I’m sure I will get similar responses about how I’m doing the same exact thing creating yet another set of metrics, but I will make a few guidelines to my study to help keep it objective:
- I do not watch film on players at all. I leave it to the people that actually know what they are doing. I will bounce ideas off of qualified individuals to see if my research lines up with their tape. If it doesn’t it won’t change my analytics, but it may lead me to look into another iteration to improve the connection.
- I will not double count stats. Anything I do will only be counted a single time. I use the metric with the best correlation to the sample of a type.
- EX: You could use height and weight for a prospect in the model or you could use BMI. If you use all 3 at the same time you will be overweight in your model on the players size detracting from other areas of the prospect.
Going back to my earlier statement I used my programming skills to build a new id based database for every college prospect back to the year 2000. For years 2000 to 2015 I’ve included every prospect that managed to register at least 1 fantasy point at the QB, RB, WR or TE position at some point in their respective careers. For 2016 to 2019 I have an unfiltered set of prospects that can be adapted as players become relevant.
For each unique player id I have them mapped as you can see above. Every year for the prospect can by viewed on an individual basis and analyzed against the players age at that time assuming it is known. This structure allows you to analyze stats based on:
- Best year during a college
- Final year during college
- Average year over the course of college
- Analyze stats scaled up on a per game basis
- Best of all it allows you to couple prospect traits with age to factor in early production or downplay late production
Short answer… Everything I could get my hands on.
- Draft Capitol (Round and overall pick)
- Combine data including drills and measurable’s
- College and conference strength of schedule based on the Sports-Reference Simple Rating System
- Team Data:
- Games played and Games won each relevant year
- Total counting stats
- Player Data:
- Rushing, Receiving, and Passing counting stats
- Efficiency stats such as yards per attempt
- Return yards
- Finally and most importantly derived or advanced stats… As I said I wanted to see what is real and what was created to help win an argument. I’ve tried to look at everything publicly available.

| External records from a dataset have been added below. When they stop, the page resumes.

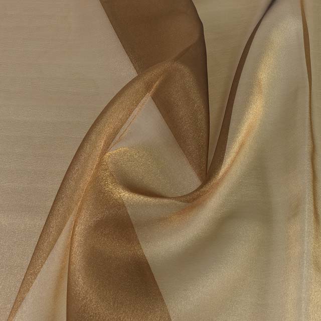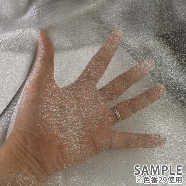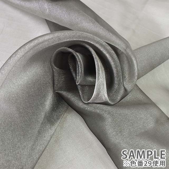 ラメ感があり光沢が強く、透け感が少ない、シャンブレー(縦横糸の色が異なる玉虫)タイプのオーガンジーです。
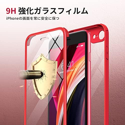 Miracase iPhone SE 用 ケース SE3 SE2 iPhone 8用スマホケース 第2世代 第3世代 4.7インチ 9H強化両面ガラス フルカバー ワイヤレス充電対応 (レッド)
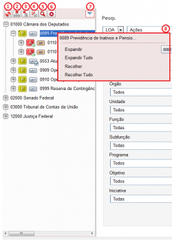 • 7 - Menu de ações. Disponibiliza ao usuário um novo conjunto de ações possíveis de serem executadas com os itens da árvore. Para que o usuário consiga executar a operação com sucesso há que ter permissão cadastrada.
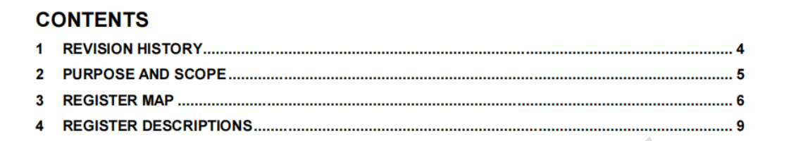根据MPU6050数据手册的目录,可以看到有四个章节,
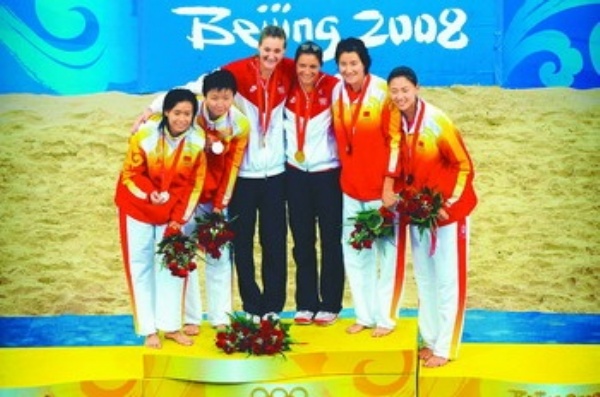 北京奥运会女子沙滩排球比赛21日进行了两场奖牌之战。两对闯入四强的中国组合一胜一负,获得1枚银牌和1枚铜牌。
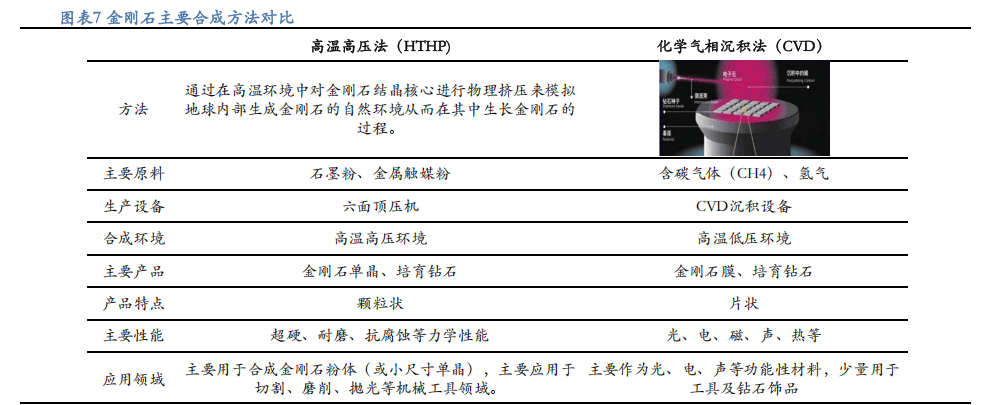 金刚石合成工艺分为高温高压法和化学气相沉积法,高温高压法适合大规模合成金刚石,化学气相沉积法适合更精细可控的金刚石生长,面向『半导体』领域的晶圆级金刚石通过化学气相沉积(CVD)制备。
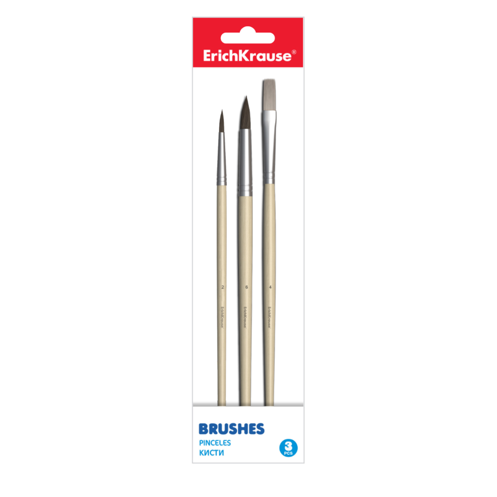 Кисти ErichKrause® Basic для акварели и гуаши, пони и щетина, 3 штуки, в полибеге
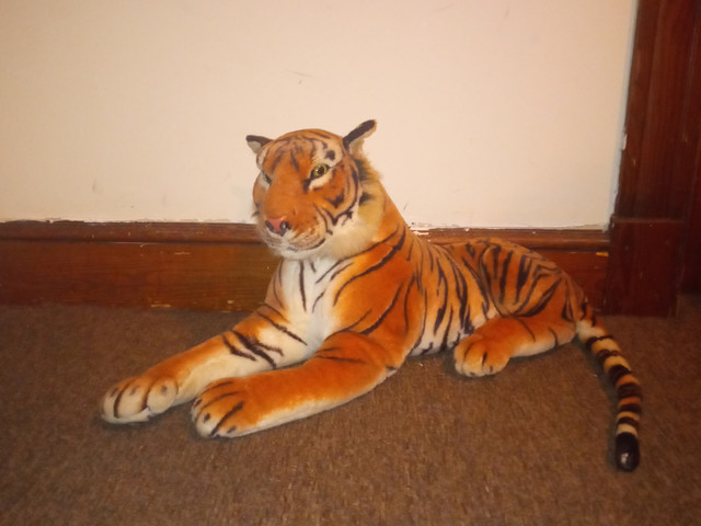 I have a tiger plush that looks about her size! His name is Tiggy! (i was 6 when i named him)
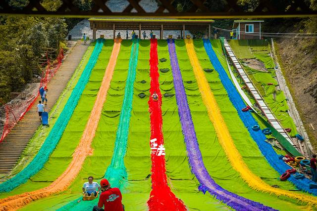 滑草区域垂直落差我目测应该在10-20米左右,整个滑道目测大概在50米左右。整个场地底面是绿色的帷布拉着,面上是几个被染成五颜六色的滑道,看起来像彩虹一般,被称为七彩流星滑道。体验者要先在底下拉着一个盆顺着楼梯往上爬,然后到顶后自己滑下来,这是一个自给自足的项目。
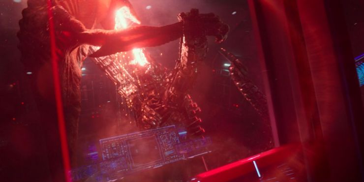 Durante la fase de prueba de Mechagodzilla, Ren Serizawa tuvo el control, aunque solo pudo alcanzar un cierto nivel de poder antes de que el mecha se apagara. No fue hasta después de que Simmons obtuvo una muestra de la fuente de energía de la Tierra Hueca de su hija, Maya Simmons, que él y Serizawa pudieron llevar a Mechagodzilla al 100% de potencia. Pero al hacerlo, Ghidorah tomó el control. Godzilla vs Kong no explica expresamente cómo se revivió la conciencia de Ghidorah, pero hay dos posibilidades. Primero, la capacidad de Ghidorah para regenerarse significa que el dragón nunca está realmente muerto, no si puede ser revivido de alguna manera usando tecnología como la fuente de energía de la Tierra Hueca. Titanes como Godzilla y Ghidorah se alimentan de radiación y energía, por lo que al tener la conciencia de Ghidorah conectada a Mechagodzilla cuando se utilizó la energía, la mente de Ghidorah podría haber revivido, o al menos una parte de ella.
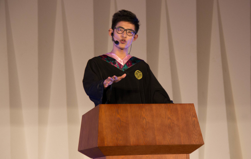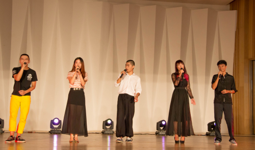 歌曲有了,戏剧也有了,不如再加上一场演讲吧。来自数学科学学院的王楠松同学带来的《乔布斯斯坦福大学毕业演讲模仿秀》将晚会推向又一个高潮,他将乔布斯演绎得惟妙惟肖,博得了阵阵掌声。演讲过后,拥有着大气沉稳的舞台气场和明亮声线的柳澍同学闪亮登场,带来一首《stay here forever》;“为戏痴狂的莫泊桑”团队带来的戏剧《A Christmas Carol》讲述一个人性复苏的吝啬鬼的故事,搞笑而又寓意深刻,观众都报以慷慨的掌声;一曲底气十足的《Let it Go》展示了张茜月同学的唱功与台风;获得一等奖的“Lucky Star”团队将经典故事《三打白骨精》进行了改编,幽默诙谐的英文台本与入木三分的表演将观众逗得捧腹大笑,掌声和欢呼声此起彼伏;获得特等奖的刘霞同学带着《Don’t cry for me, Argentina》压轴登场,动人高亢的美声为本次文艺汇演画上了完美的句号。
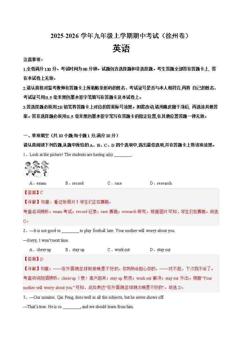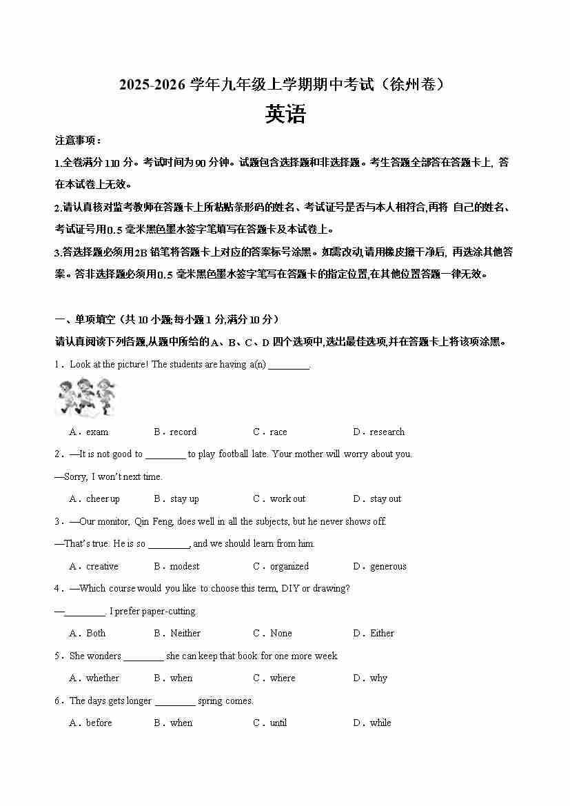 九年级英语上学期期中考试(徐州卷)(学生版)
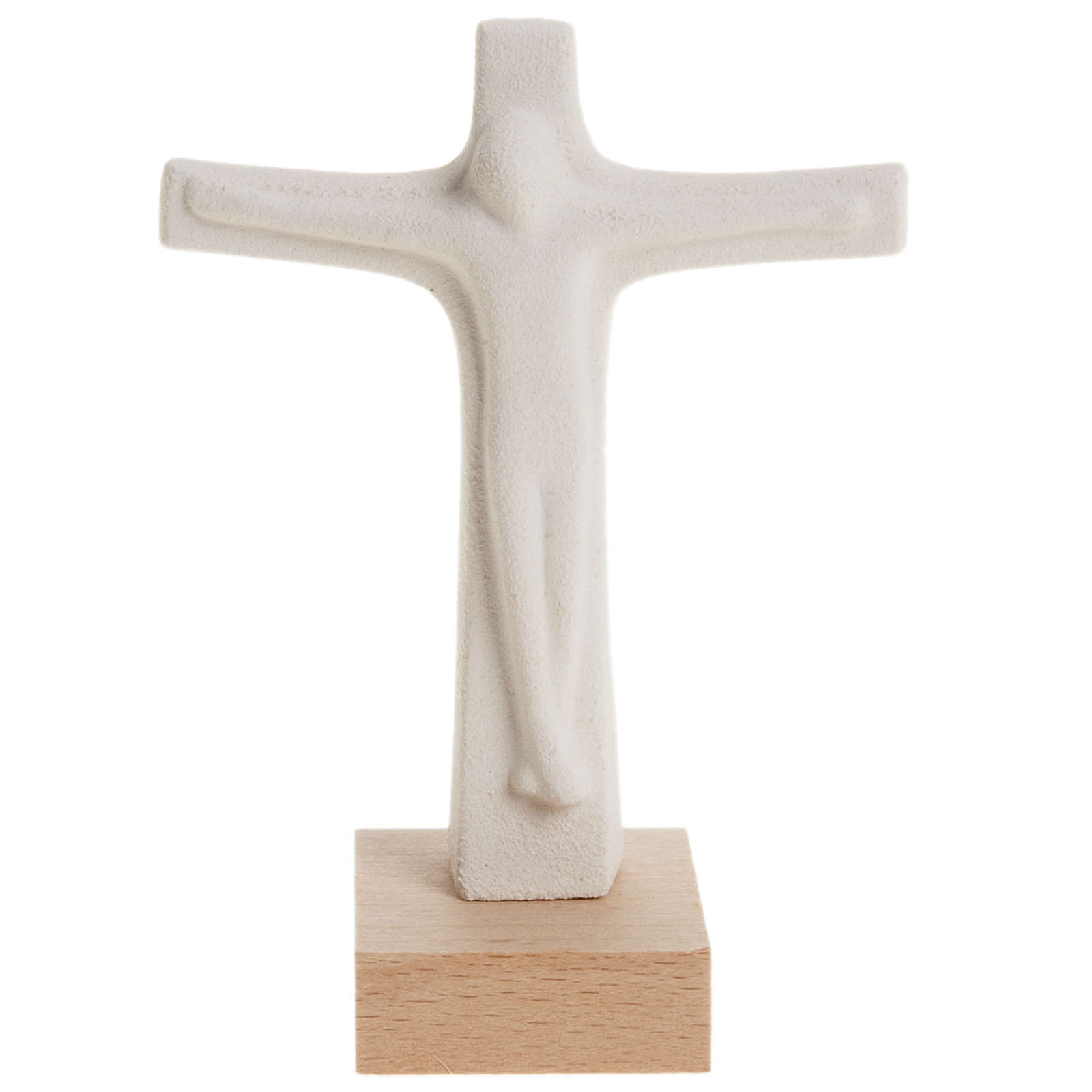 Disponibilité immédiate Crucifix pour table en argile réfractaire blanche et base en bois clair. Le crucifix est réalisé à la main en Italie en argile réfractaire blanche. Il est moulé et après cuit à plus de 1000°C. Le travail et la décoration de ce crucifix sont complètement réalisés à la main pour lui donner des lignes agréables et élégantes. Produit d'haute qualité de l'atelier Ave de Loppiano (Florance).
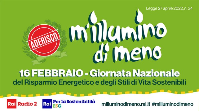 Quest’anno l’iniziativa, giunta alla 19aedizione, avrà luogo giovedì 16 febbraio, in occasione della Giornata del Risparmio energetico e degli Stili di vita sostenibili, istituita lo scorso anno dal Parlamento italiano con la conversione del Decreto Legge n. 17/2022, al fine di promuovere la cultura del risparmio energetico e del risparmio di risorse mediante la riduzione degli sprechi, la messa in atto di azioni di condivisione e la diffusione di stili di vita sostenibili, tanto più urgenti e necessari in questo momento storico.
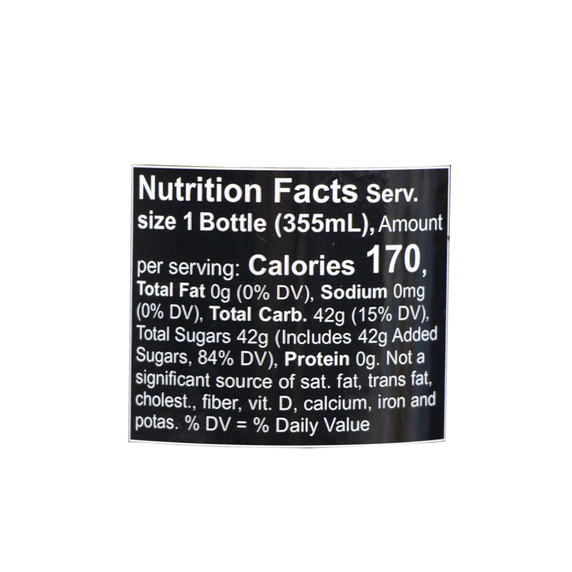 AGUA FILTRADA CON GAS, AZÚCAR DE CAÑA, SABORES NATURALES, COLOR CARAMELO, ÁCIDO CÍTRICO.
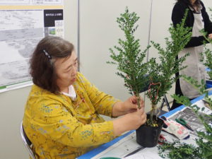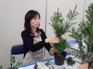 続いて小林江見理事が、鉢植えのキンメツゲを鳥のトピアリーに仕立てる実技の講習を行いました。
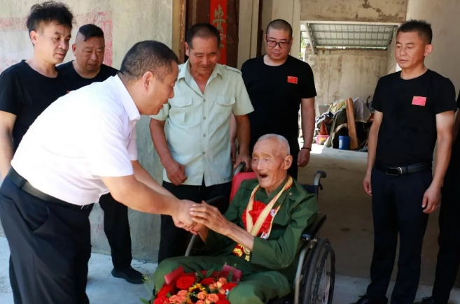 8月21日,在埇桥区汴河街道梅庵村,埇桥区退役军人事务局负责人怀着崇敬之情,为98岁高龄的抗战老兵王运岭庄重地佩戴上“中国人民抗日战争胜利 80 周年”纪念章。这枚由中共中央、国务院、中央军委联合颁发的纪念章,意义非凡,它不仅是对王运岭老人光辉革命生涯的高度认可,更是他所获的又一崇高荣誉。
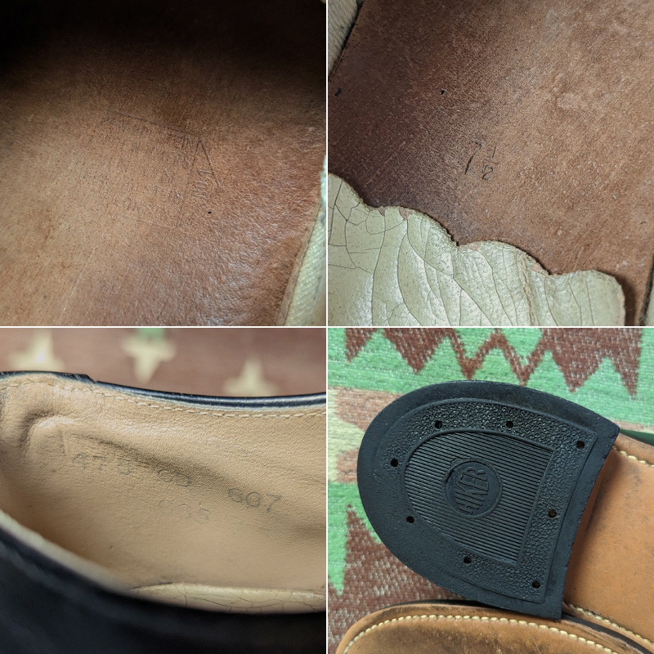 履き口に若干の亀裂が見られ、一番大きなもので5mm程の破れ(表革のみ)があります。そのほかアッパーレザーに擦れ・剥げ・シワ、インソックにヒビ、フットベッドにシミ、など見られますが、特別ひどいものはないと思います。アウトソールを見ると全体的な使用感は少ないです。

Currently my database has 400 columns and 3600 rows of compiled and consolidated prospect data mapped uniformly.
If you have ever listened to the Late Round Podcast with JJ Zachariason
you’ve probably heard him say “Now this is how I defined player success and its very likely that you and I define success in a different way”. I’m going to steal a page out of his book and assume the same thing.
After much debate I decided to use the Pro-Football-Reference Player Season Finder to create an a list of every single player from 2000 to 2018 that played their first 3 or 4 seasons of their careers. I pulled the resultant average fantasy football points per game (0.5 PPR) for each player over their respective careers.
This is meant to tie into the value based drafting approach that most fantasy football players follow that we want to draft rookies that hit early and hit hard. Draft for early value and trade for players that you missed on later.
There are several types of prospect models floating around the community. You will see threshold based approaches that say over the past X years on average the elite players have looked like Y. They try and find players that meet certain thresholds that allow them to fit into the mold of the elite tier.
The other main type of model you will see is a simple regression model where someone will choose a trait as the x variable and some sort of opportunity or success indicator as the Y variable. You can chart the data and see what type of linear correlation exists.
This model is most nearly a multiple regression model, but not quite. Its my bastardized version to fit the needs of the situation. If you are a nerd you can read about them here: http://www.stat.yale.edu/Courses/1997-98/101/linmult.htm
At the core of my model you look at each player on a positional basis. You take each trait such as the player’s weight and correlate it to our success indicator on the Y axis.
In the example above which happens to be Percentage of team total yardage for WRs it have an equation of best fit of Y= 18.787x + 1.5052 and a R^2 of .0928. In as layman’s terms the best I can come up with is if a player has 25% of his teams total yardage then he will score roughly 7 points per game over his rookie contract for 0.5 PPR Point Leagues.
Seems a little bit too simple right? Well that’s because it is that particular trait is only 9.28% accurate. This trait can only be used to explain 9.28% of the variation in the success of predicting NFL Players. Not great right?
So here is where my model comes in. If we use multiple traits at once we can create a multiple regression model where we are looking at the prospect’s entire portfolio. This brings up the accuracy substantially! I am still in the process of wrapping up all of my models following a database restructure, but as of today each of my positional models are hitting between 33% and 48% accuracy. You can see an overview of my initial model results here: https://imgur.com/gallery/BrdfxXq
Its important to note that if you are not sufficiently impressed by 33% to 48% then you should know that the hit rate for NFL GM’s drafting in the top 5 picks is historically 10.3% (Article on this)…
I will be going over each position and posting my results. Ill go over all of the traits explaining why some are near useless and why others we should really look into for prospects.